Pre-Processing and Cross-Correlation Techniques for Time-Distance Helioseismology

Thursday, 18 December 2014
Nan Wang1, Sjoerd de Ridder1 and Junwei Zhao2, (1)University of Science and Technology of China, Geophysics and Planetary Sciences, Hefei, China, (2)Stanford University, W. W. Hansen Experimental Physics Laboratory, Stanford, CA, United States
In chaotic wave fields excited by a random distribution of noise sources a cross-correlation of the recordings made at two stations yield the interstation wave-field response. After early successes in helioseismology, laboratory studies and earth-seismology, this technique found broad application in global and regional seismology. This development came with an increasing understanding of pre-processing and cross-correlation workflows to yield an optimal signal-to-noise ratio (SNR). Helioseismologist rely heavily on stacking to increase the SNR. Until now, they have not studied different spectral-whitening and cross-correlation workflows and relies heavily on stacking to increase the SNR.

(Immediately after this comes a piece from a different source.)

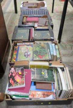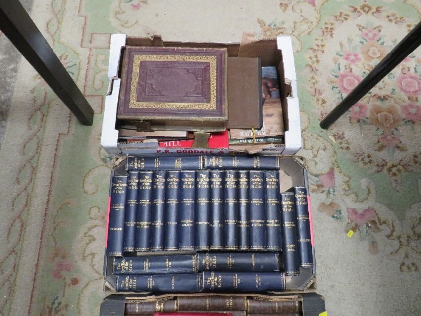 Six trays of assorted books to include Hutchinson's Beautiful Britain, family bible etc

The recordings vary considerably between sunspots and regular portions of the sun. Within the sunspot the periodic effects of the observation satellite orbit are difficult to remove. We remove a running alpha-mean from the data and apply a soft clip to deal with data glitches. The recordings contain energy of both flow and waves. A frequency domain filter selects the wave energy. Then the data is input to several pre-processing and cross-correlation techniques, common to earth seismology. We anticipate that spectral whitening will flatten the energy spectrum of the cross-correlations. We also expect that the cross-correlations converge faster to their expected value when the data is processed over overlapping windows. The result of this study are expected to aid in decreasing the stacking while maintaining good SNR.